Senator Krueger, Chair of the Select Committee on Budget & Tax Reform and Vice-Chair of the Finance Committee said, “If any year demonstrates how fundamentally broken New York State’s budget process is, this is the year. We have a budget process that allows shady accounting practices and encourages a model of non-accountability for spending, revenues and borrowing. With this legislation I’m saying ‘the buck stops here,’ because the State is getting too close to coming down to its last buck.”  

Senate Majority Conference Leader John L. Sampson said, “Years of a broken budget process and broken promises from pass-the-buck politicians has left our State on the brink of fiscal disaster. New Yorkers deserve better. Using dependable data and common sense solutions, these reforms will give New York a responsible budget that controls spending, creates jobs, and provides tax relief while protecting our investment in vital services.”  

Senator David J. Valesky (D-Oneida) said, “The financial crisis has taught us one very important thing — New York State must change the way it approaches the State budget process. This budget reform package puts into place a responsible and comprehensive system that is based on definitive data and requires accountability and responsibility.”  

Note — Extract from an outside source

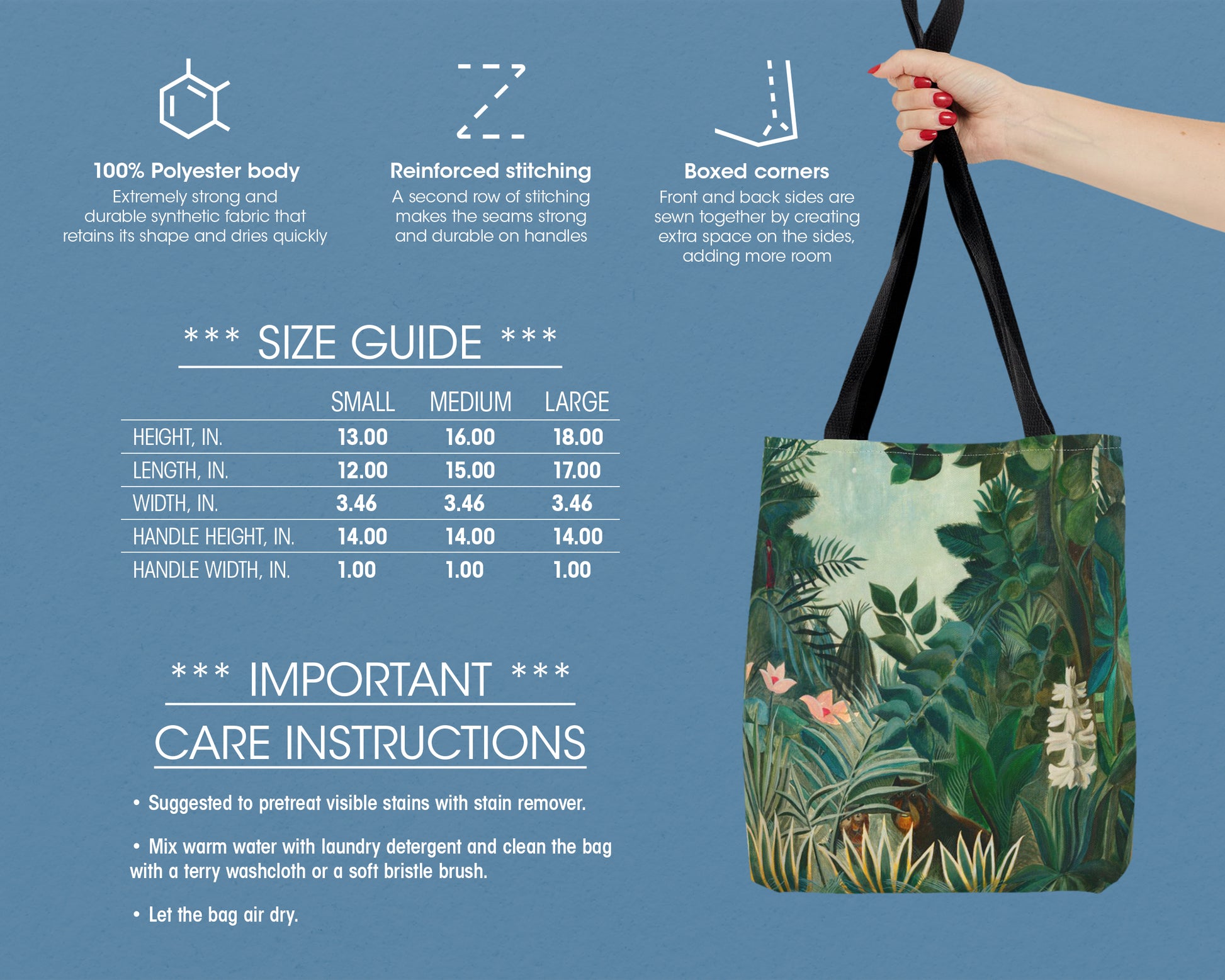 • 14" (35.56cm) length black cotton handles

Senator Andrea Stewart-Cousins (D-35th District) said, “For too long New Yorkers have been subjected to a budget process that is simply bankrupting our State and driving up local taxes.  It is time we ended decades of fiscally reckless policies and dragged New York’s archaic and secretive budget process into the future.  Our legislative package will end the fuzzy math of past budgets and institute sound accounting practices and performance based budgeting that will eliminate waste, saving taxpayers money.”  

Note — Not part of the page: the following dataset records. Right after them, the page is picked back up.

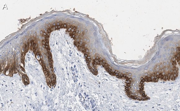 Immunohistochemistry (Paraffin) Analysis: A 1:100 dilution from a representative lot detected pan-cytokeratin in human skin and human urinary bladder tissue sections.
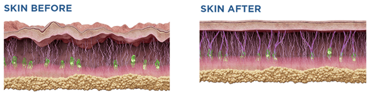 Estimula la producción de ácido hialurónico endógeno sin necesidad de inyectables.
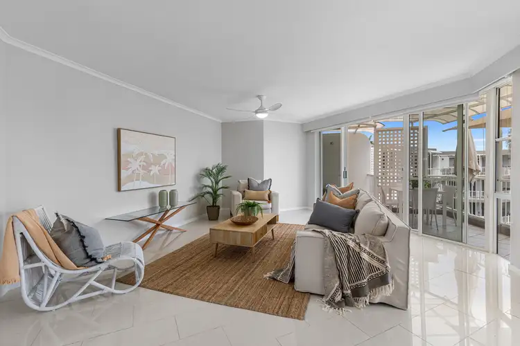 Step into this light filled top floor apartment in Marina's Village, located within the tranquil quays of Runaway Bay. Offering a spacious open plan, modern design and abundant natural light creates an inviting atmosphere. This three bedroom, two bathroom apartment offers waterfront living, where comfort and style meet in perfect harmony.

Senator Darrel J. Aubertine (D-Cape Vincent) said, "As we continue working to close our budget gaps and restore our State's economy, now is the time to seize the opportunity to make long overdue fundamental reforms to the budget process. This package of proposals, which includes performance-based budgeting and common sense 'pay as you go' accounting, will address many of the decades old systemic problems that have only made this economic downturn worse. I look forward to working with my colleagues to pass legislation that includes these changes and moves us beyond this year's spending plan."   

Unlike other recent reform proposals, Senator Krueger’s plan is a complete overhaul of the structural deficiencies in the budget process.  “Either New York will break from these poor financial planning habits,” Senator Krueger explained, “or the budget process will break New York.”  

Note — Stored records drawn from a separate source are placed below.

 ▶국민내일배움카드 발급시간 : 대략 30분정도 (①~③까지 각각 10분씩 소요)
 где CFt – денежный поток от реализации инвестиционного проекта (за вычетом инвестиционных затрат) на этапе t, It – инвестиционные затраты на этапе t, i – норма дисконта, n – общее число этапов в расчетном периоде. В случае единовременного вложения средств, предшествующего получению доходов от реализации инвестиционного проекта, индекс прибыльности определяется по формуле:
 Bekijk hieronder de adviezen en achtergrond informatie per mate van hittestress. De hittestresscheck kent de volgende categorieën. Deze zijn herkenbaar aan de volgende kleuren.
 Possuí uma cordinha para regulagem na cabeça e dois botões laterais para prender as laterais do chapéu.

Senator Krueger’s legislation will

      ·         Establish a two-year budget and require the Executive to submit two-year financial plans in order to ensure proper long-term fiscal planning (S7160).

      ·         Remove fiscal manipulations by requiring both the Executive Budget proposal and Enacted Budget to be balanced according to Generally Accepted Accounting Principles, which will “fundamentally realign recurring spending with recurring revenue to restore the State's fiscal health” as recommended in a recent report by the State Comptroller  (S7284).

      ·         Task a 15-member Empire State Performance Commission with designing a performance based management and budgeting blueprint to streamline government and end waste and fraud within programs and services (S7259).

      ·         Create a non-partisan Legislative Budget Office modeled after the U.S. Congressional Budget Office, which will remove the politics from revenue forecasting while simultaneously ensuring funds are not being used to create hidden slush funds by being stuffed away in “off-budget” public authorities (S4526).

      ·         End New York’s status as the only state with a budget date prior to the Federal tax collection date, and shift the start of the fiscal year to June 1 to allow for proper fiscal planning (S5221C). The Senate Select Committee on Budget and Tax Reform has issued a new report, A New Fiscal Year — A Better Budget, highlighting how many of the State’s budget woes stem from the 1943 decision to move the start of the State’s fiscal year to April 1. The full report can be found online at: www.nysenate.gov/report/select-committee-releases-report-changing-new-yorks-fiscal-year.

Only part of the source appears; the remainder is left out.